The Javelins were Ereth’s only hope now – and the only hope of a number of others, he realised, as he looked around the shaft and saw the number of injuries. The only hope of them all, in the end, was that the Javelins were still above the planet, and had somehow heard the comms signal.
“Something tore deep in the shaft as the wave collapsed, what do you think it was?” said Serostrina, coming to help Sebastian with Ereth.
“The isolation doors,” said Sebastian, “pretty certain of it. We can only hope they didn’t give way until the comms signal was strong enough to be picked up by the Javelins.”
“It sounded like a good, strong signal to me,” said Serostrina. She was beside Sebastian now, monitoring Ereth’s medical stats. Sebastian had leaned against the wall and lifted Ereth against him. He was doing his best to cradle him gently. The others who were injured received similar treatment.
The little group turned off all the powerpaks but one, and huddled in the darkness on the buckled floor.
“All we can do now is wait, and hope for rescue,” said Sebastian philosophically. Serostrina smiled, and took his hand. She patted it in a very Human gesture. High above them, on the edge of the atmosphere about the ice planet, the fate of the little group was being decided.
Air Marshall Cagill watched the captain of his command ship finish the pre-flight routines. The captain confirmed readiness to depart a few moments later. The rest of the 30 Javelins in the flight group began to report in, one by one.
Cagill’s thoughts turned inward. This had been such an incredible victory for the alliance – once the Valkrethi had arrived – but it rankled that he had lost the accelerator staff at the depot. He felt responsible for that loss. His squadron had been too busy to keep track of everything.
He sigh
ed. Such were the fortunes of war.
Then the open channel for the Javelins burst into life above the comms officer’s console.

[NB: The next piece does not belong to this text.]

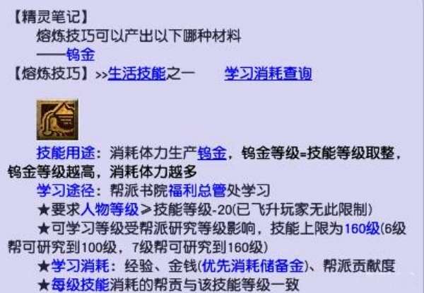 2、熔炼技巧属于生活技能的一个,玩家可以通过熔炼技巧生产钨金。
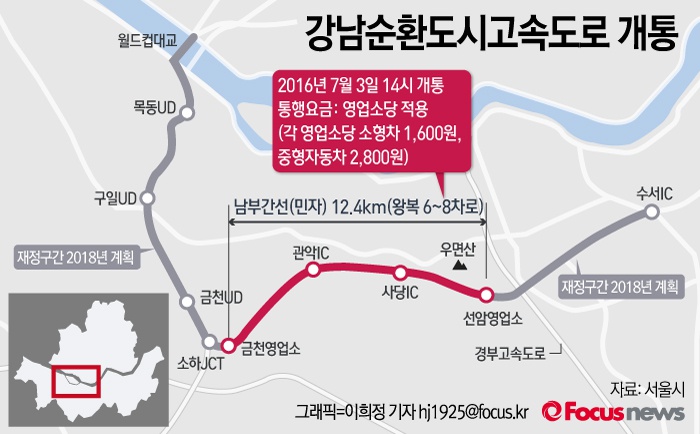 (서울=포커스뉴스) 서울시는 20일 서울시청에서 강남순환로 개통 기자설명회를 개최하고, 7월3일 14시 강남순환로 1단계 구간 13.8㎞를 개통한다고 밝혔다. 1단계 구간은 △민자구간 12.4㎞ △민자구간과 연계되는 일부 재정구간 1.4㎞로 이뤄진다.

“Case to Air Marshall, comms signal from depot, repeat, intelligent signal from depot!”
At first Cagill wondered what had possessed Ayman to omit the proper call sign, ‘Ayman Case of Javelin two niner four to command ship,’ but he sat up in his chair as the full meaning of the message sunk home. He held up one finger to indicate he would take the call, and his comms officer patched him through.
“There’s nothing left of the depot,” he said sharply, wondering what Ayman meant by his call.
“Signal’s coming from under the depot, Sir,” said Ayman briskly.
“A natural cavern in the rock?” queried Cagill, trying to make sense of it all.
“We think it’s the heat exchanger shaft, Sir,” said Case.
“Request permission to return to the surface,” he added, though strictly it was the Air Marshall’s call.
“Of course, Squadron Leader,” said Cagill, a smile growing on his face. He shook his head in wonderment. How in all the hells thought up by classical writers had the staff in the depot managed it?
His face fell. A comms signal didn’t tell him how many of the accelerator staff were still alive. Cagill wanted to go down to the surface with Ayman’s ground party, but his role was to remain here on his command ship. However the accelerator staff had survived, he mused, it was going to be an extraordinary story.
He roused himself from his reverie, and opened a sub-space connection to Earth. Cordez’ staff got their boss to the other end of the call.
“Some of the nuclear accelerator staff are still alive, maybe all of them,” said Cagill, without preamble.
“That is good news,” answered Cordez. It had struck him the same way, that the loss of the people at the depot marred an otherwise outstanding action against the Reaper ships.
“Your last report described the depot as nothing but a puddle of slag, how did they survive?”
“Heat exchanger shaft, apparently,” said Cagill. “Ground party are on their way to the site now. I’ll let you know as soon as more information comes in.”